Gone in 60 Seconds: Verizon Breach Report Reveals 60% of Enterprise Attacks Succeed in Minutes

By Imarc

Posted on Apr 14, 2015

smashed-door-glassby Alexander Heid
Chief Research Officer

(NEW YORK, NY) - During April 2015, Verizon released their annual breach report which identifies ongoing trends within enterprise cyber attacks. This year, the primary focus of the breach report centered around the prolific rise in phishing attacks that spread malware, and rise of of web application vulnerability attacks that revealed private data.

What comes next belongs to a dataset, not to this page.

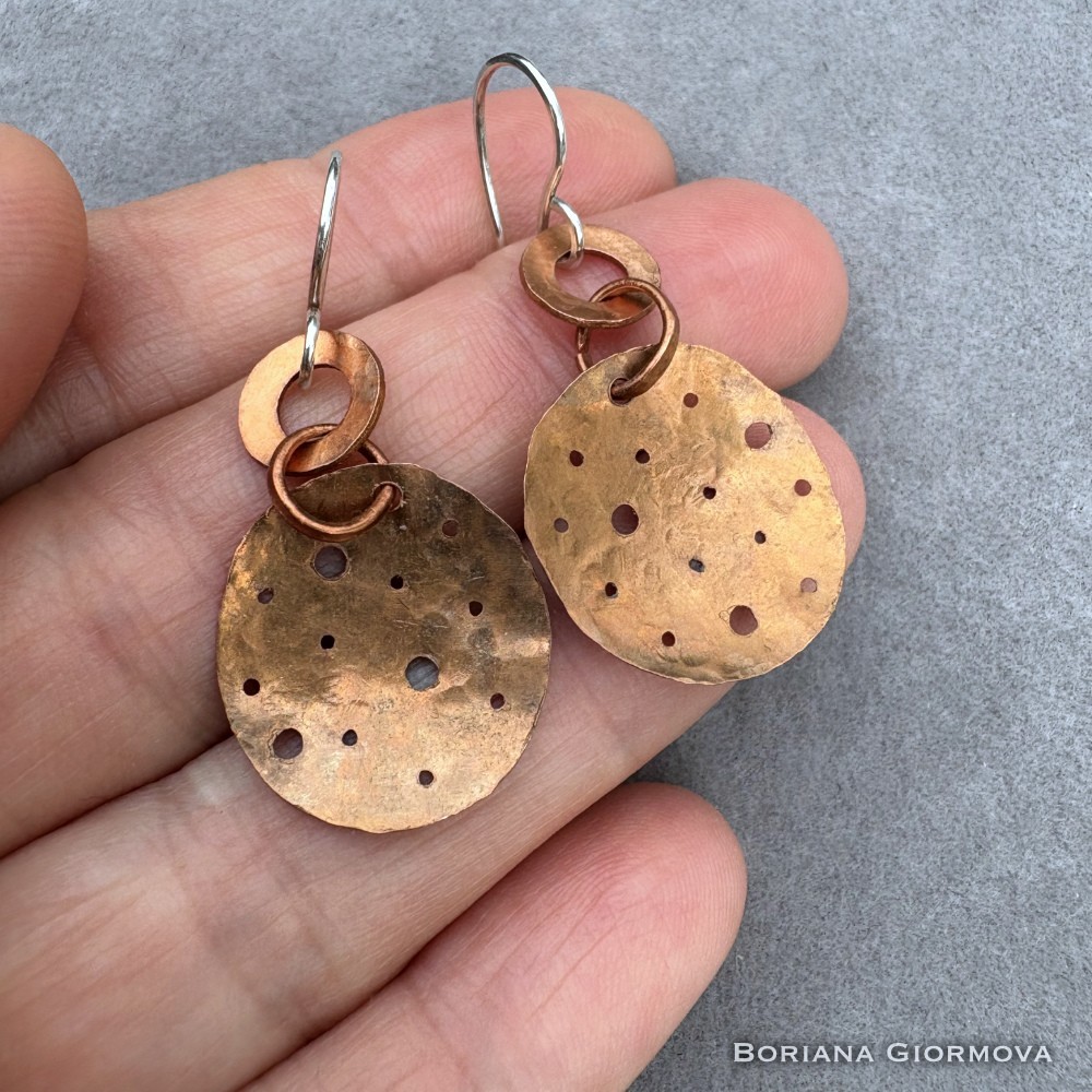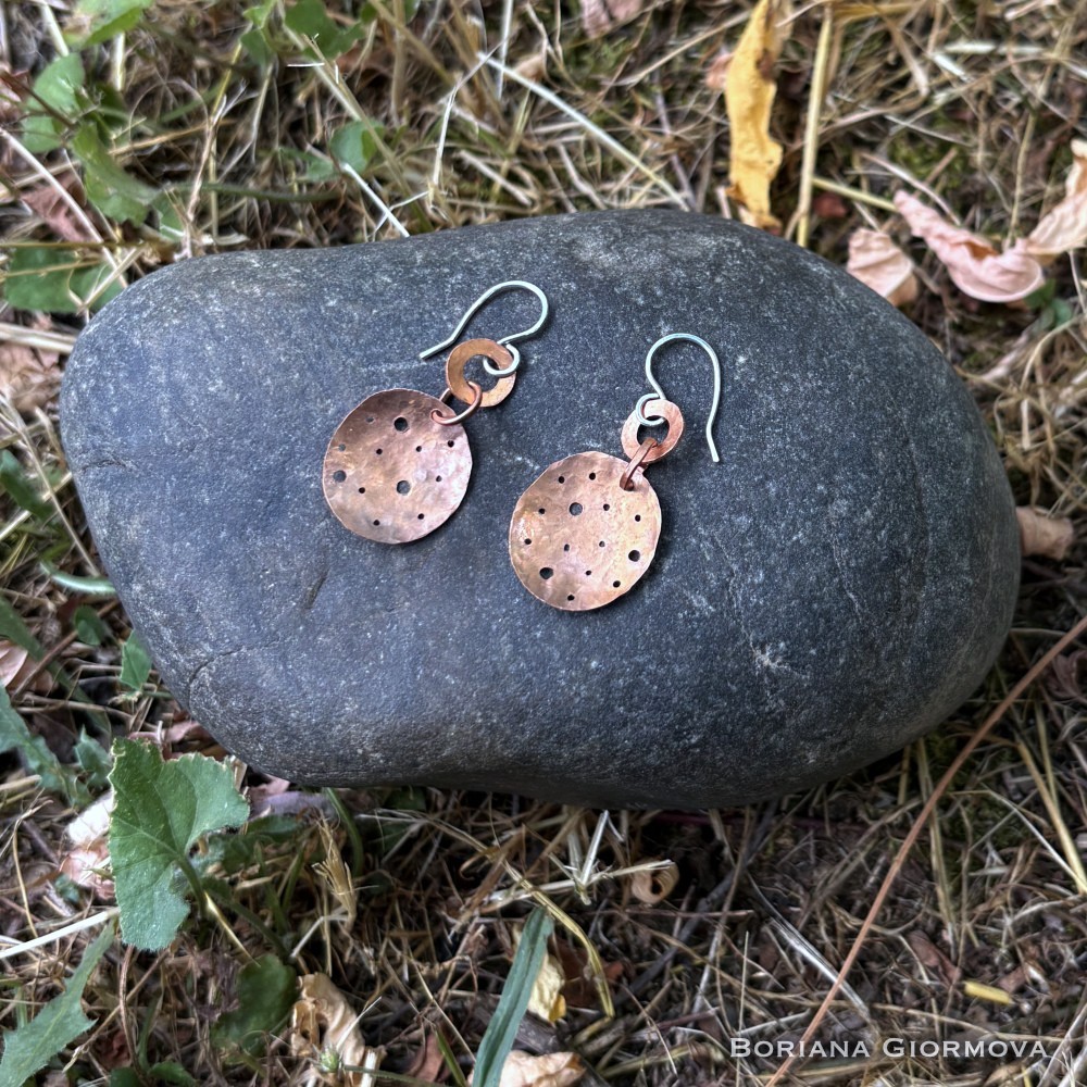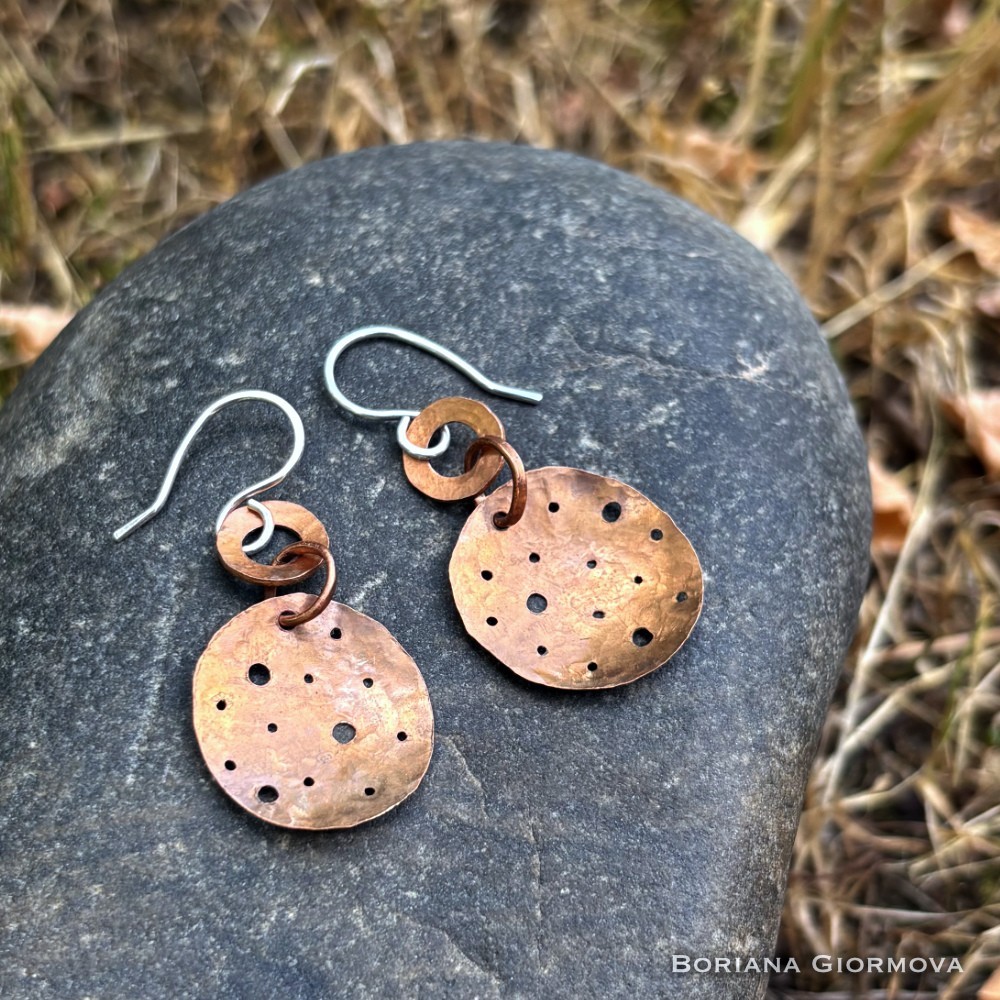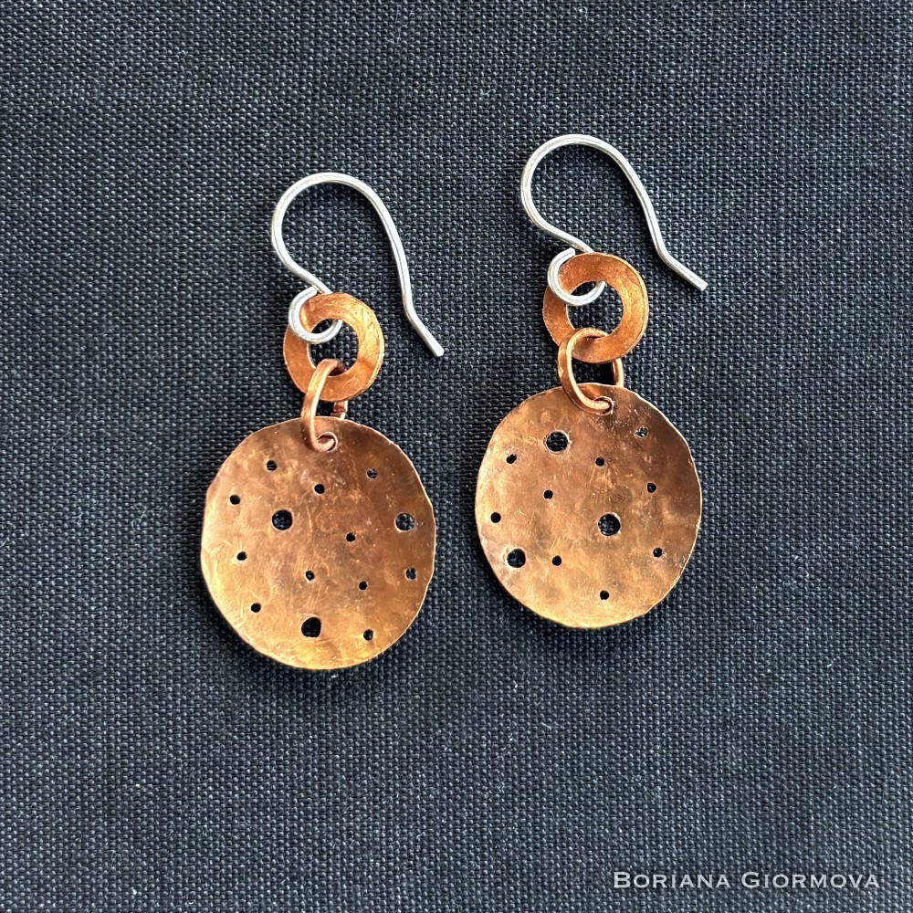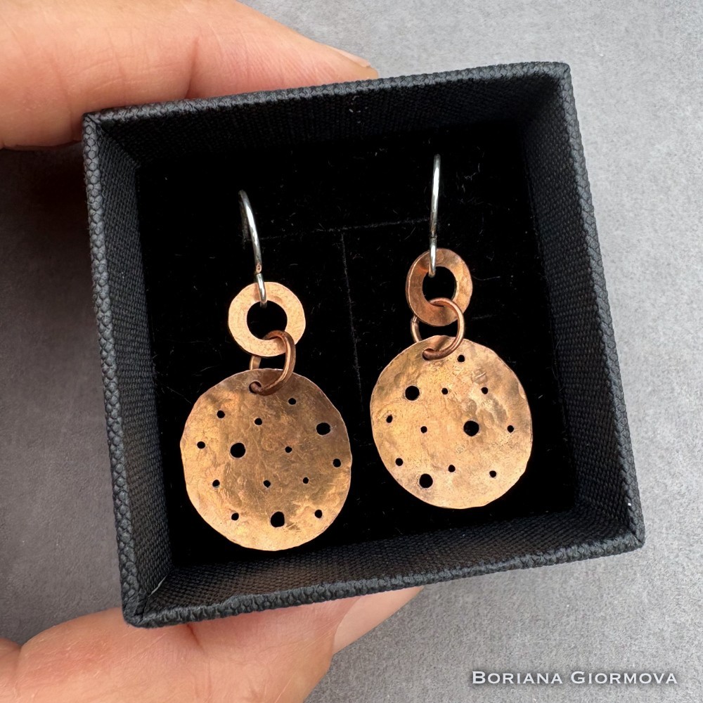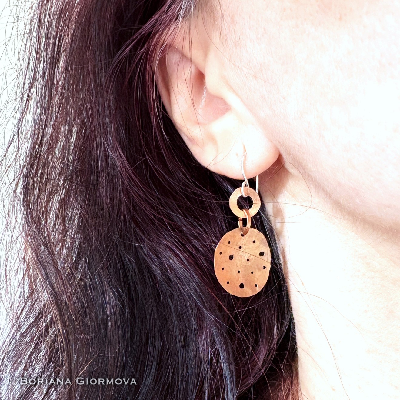 Леки и стилни обеци, изцяло ръчно изработени от оксидирана мед. С оксидиран меден диск и и дупчици с различен диаметър, които придават органично излъчване. Сребърните кукички (проба .925) ги правят хипоалергенни и удобни за целодневно носене, дори при чувствителна кожа. Подходящи са както за ежедневието, така и като артистичен акцент към всеки тоалет. Идеални за подарък – пристигат в кутийка за бижута, готови за поднасяне. Дължина: ~41 мм Материали: оксидиранa мед, сребро 925

One of the most striking statistics identified in the report was that it takes most attackers only a few minutes to gain persistent unauthorized access within the infrastructure of a corporate network. The report cites that in over 60% of breaches, attackers were able to infiltrate the target within minutes. Attackers primarily accomplished these successful attempts by leveraging the lack of security awareness on the part of corporate employees, in addition to leveraging antiquated vulnerabilities within poorly secured web applications.

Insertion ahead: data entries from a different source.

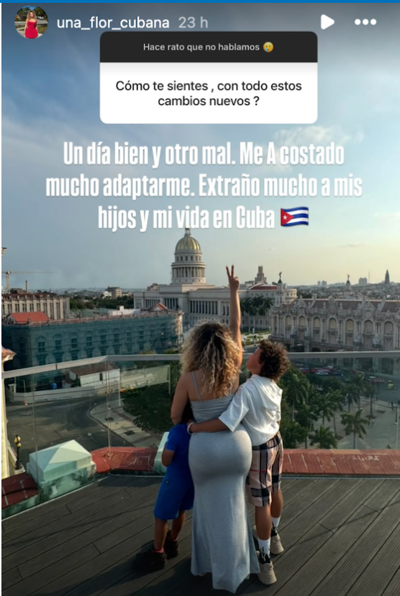 En una publicación reciente, la influencer compartió cómo se siente con los cambios que ha experimentado desde su llegada al país. “Un día bien y otro mal. Me ha costado mucho adaptarme. Extraño mucho a mis hijos y mi vida en Cuba”, expresó Flor en respuesta a una pregunta de uno de sus seguidores.
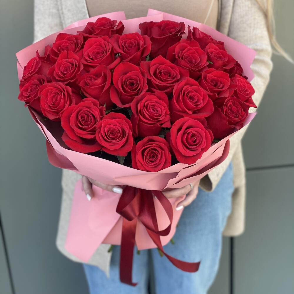 Метки: 25 роз, Красные розы, от 3000 до 4000 руб, Роза 50 см
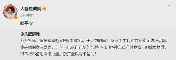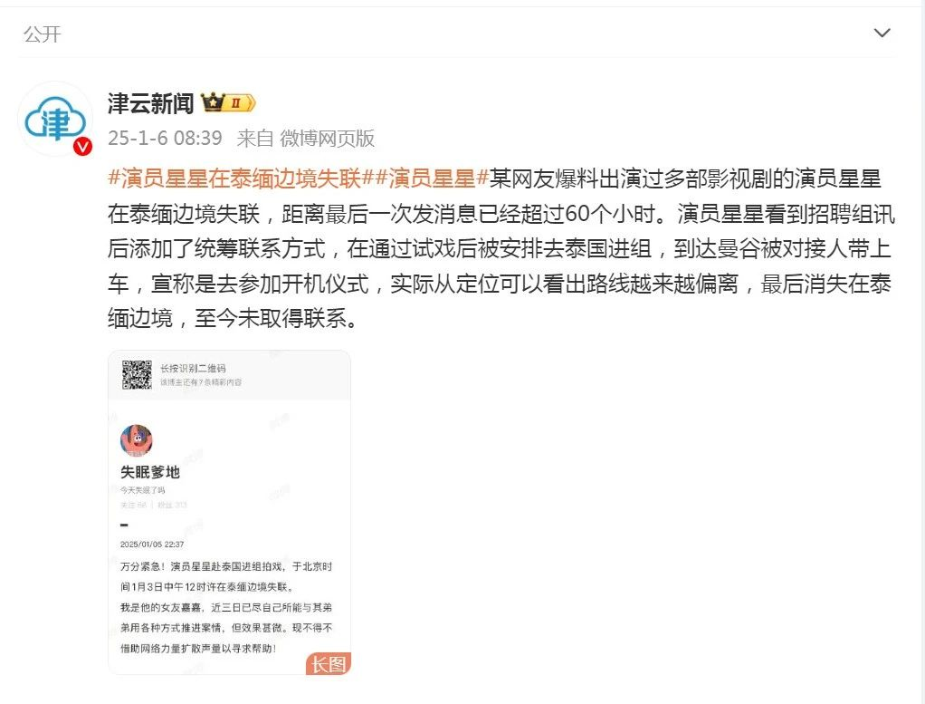 1月5日,自称是演员星星的女友嘉嘉发文:演员星星赴泰国进组拍戏,于北京时间1月3日中午12时许在泰缅边境失联。我是他的女友嘉嘉,近三日已尽自己所能与其弟弟用各种方式推进案情,但效果甚微。现不得不借助网络力量扩散声量以寻求帮助。
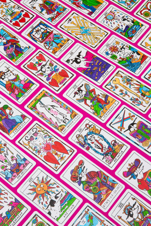 this full deck is comprised of the traditional major arcana, cups (represented as hearts), swords, batons (represented as bones), and pentacles. 78 cards in total.
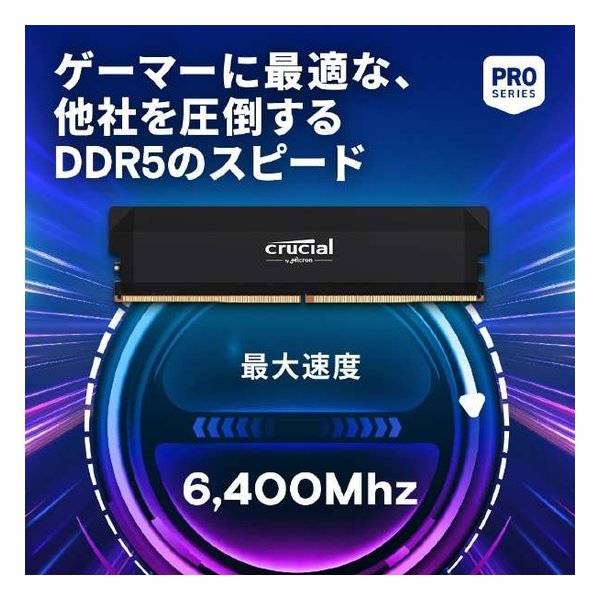 驚異的な速度と広い帯域幅を備えたCrucial DDR5 Pro OCゲーミングメモリ(2637705)DDR5 PC5-51200 16GB 2枚組
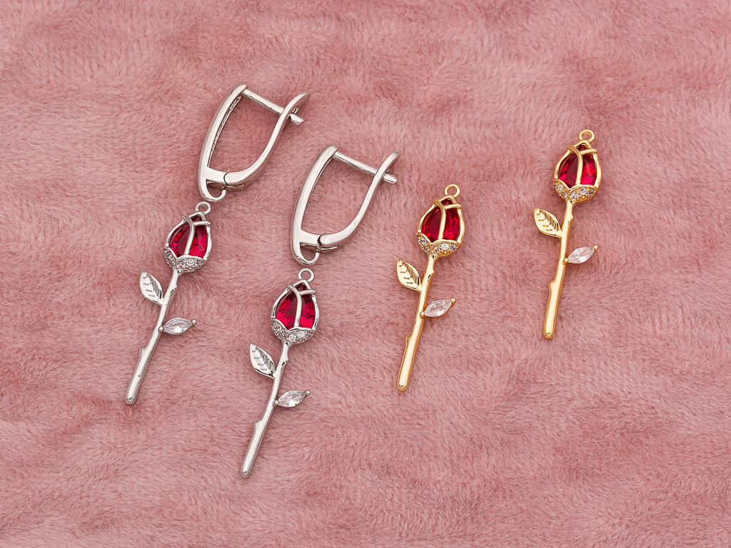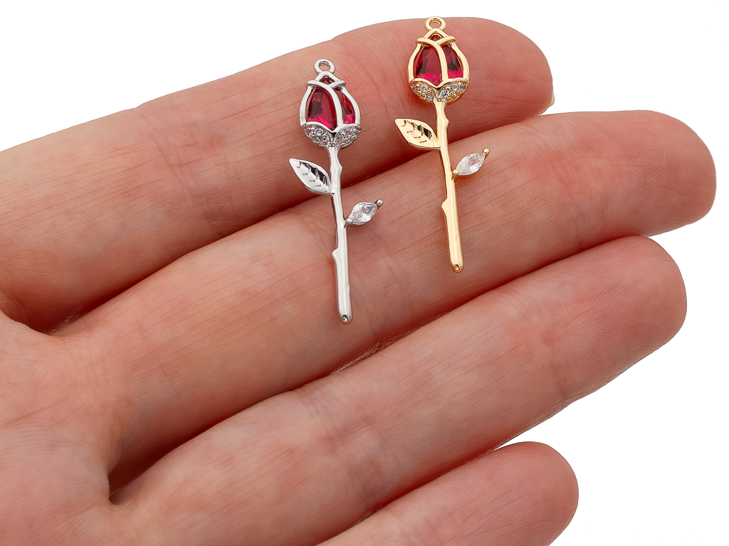 Оригинальная подвеска в форме розы с цветным кристаллом отлично подойдет для создания любых украшений: серьги, чокер, колье...

The ability for attackers to penetrate a corporate network within minutes is quite realistic, especially when put in the context of a physical robbery. Bank robbers, home burglars, and car thieves are notorious for their ability to quickly enter private property, locate valuables, and disappear, leaving as little evidence as possible. The widespread adoption of IDS/IPS systems and a heightened awareness to the existence of digital attacks has made attackers require the skills of both stealth and speed.

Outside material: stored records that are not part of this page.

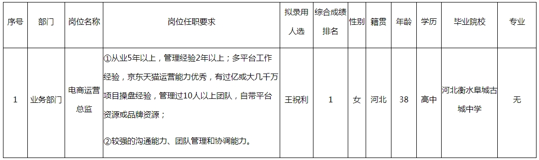 根據(jù)四川長虹佳華信息產(chǎn)品有限責(zé)任公司發(fā)布的招聘公告及招聘相關(guān)規(guī)定,經(jīng)面試、考察、體檢等程序,擬錄用王祝利同志到四川長虹佳華信息產(chǎn)品有限責(zé)任公司工作,現(xiàn)予以公示,具體情況如下:
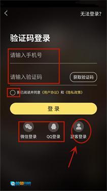 2、首次使用该软件时,你可以通过手机号接收验证码来完成注册或登录操作,另外也支持微信、QQ的一键授权登录方式;要是你想先感受一下软件功能,还能选择游客登录模式哦!
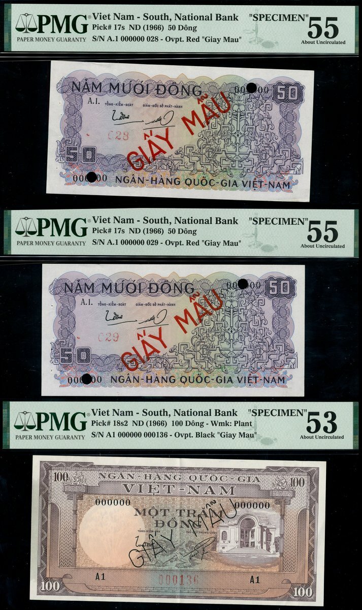 (Pick 17s, 18s, TBB B121as1, 116as1), GIAY MAU overprint, in PMG holders, 50 dong (staple holes) 55 About Uncirculated, 100 dong (thinning) 53 About Uncirculated
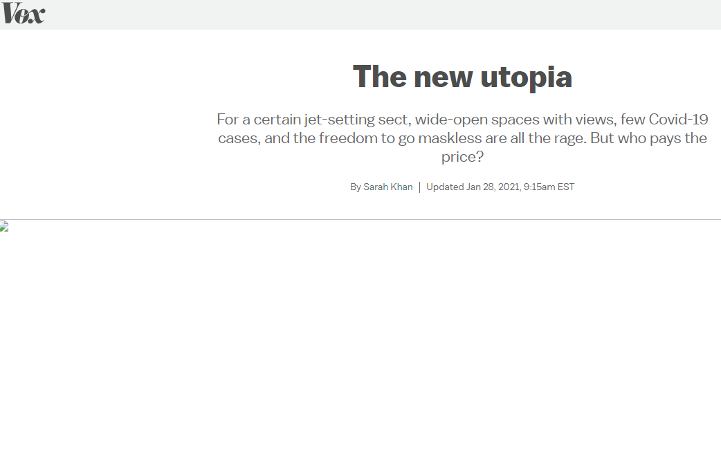 This Vox article by Sarah Khan is about the phenomenon of "pandemic tourism" to tropical places such as Tulum, Mexico; and Honolulu, Hawaii. According to Khan, these tourists, usually Western, seek to escape quarantine restrictions in their home countries and risk the health of foreigners by bringing COVID-19 with them.

Compromised Credentials: Public Dumps & Private Trades

The trends identified by Verizon coincides with the threat intelligence that has been obtained over the course of the last year by Security Scorecard. A prolific rise in the release of compromised credentials in the public domain combined with a rise in the trading of compromised credentials within underground communities indicates that that attackers are becoming more adept in the tradecraft of bulk data theft. Granular analysis of chatter collected by Security Scorecard sensors reveals that the majority of the publicly traded credentials are results of web application vulnerabilities, most commonly SQL injections, and the privately traded credentials are usually the results of phishing campaigns. The public dumps are mostly released by hackers to build their own reputations and/or engage in a form of hacktivism, whereby privately traded credentials are more targeted usually have form of value (bank logins, PayPals, email accounts).

Public dumps are usually of dubious quality, and malicious actors make use of 'checker' scripts to confirm valid credentials. These 'checker' scripts are coded by hackers to mimic the login sequences of various e-commerce websites and e-mail service providers while rotating through lists of proxy servers. A bulk list of credentials is fed to the script, and the script outputs a list of valid credentials and invalid credentials. The valid parsed accounts are then examined further by attackers for potential uses. The lifetime of a publicly released credential is short, whereby a privately traded credential can stay active for long periods of time when treated with care.

Sounds horrific, how can companies deal with this?

The emphasis of most enterprise security controls remains on the perimeter, and when an attacker masquerades as a legitimate user using pilfered credentials then detection of anomalous behavior becomes more difficult.

One way to deal with this risk is to assume that all end users will eventually be compromised through a client side attack or password reuse, and will end up revealing their credentials to an attacker. Implementation of two factor authentication, historical IP geolocation, hard to guess secret questions, user audit trails, and web application security controls that go beyond the login portal will stifle most unauthorized access attempts.

These implementations will make the use of compromised credentials more difficult, requiring the use of proxy servers, malicious mobile apps, and/or social engineering. At this juncture in time, these requirements would eliminate all but the most dedicated of attackers, as most would seek out easier targets.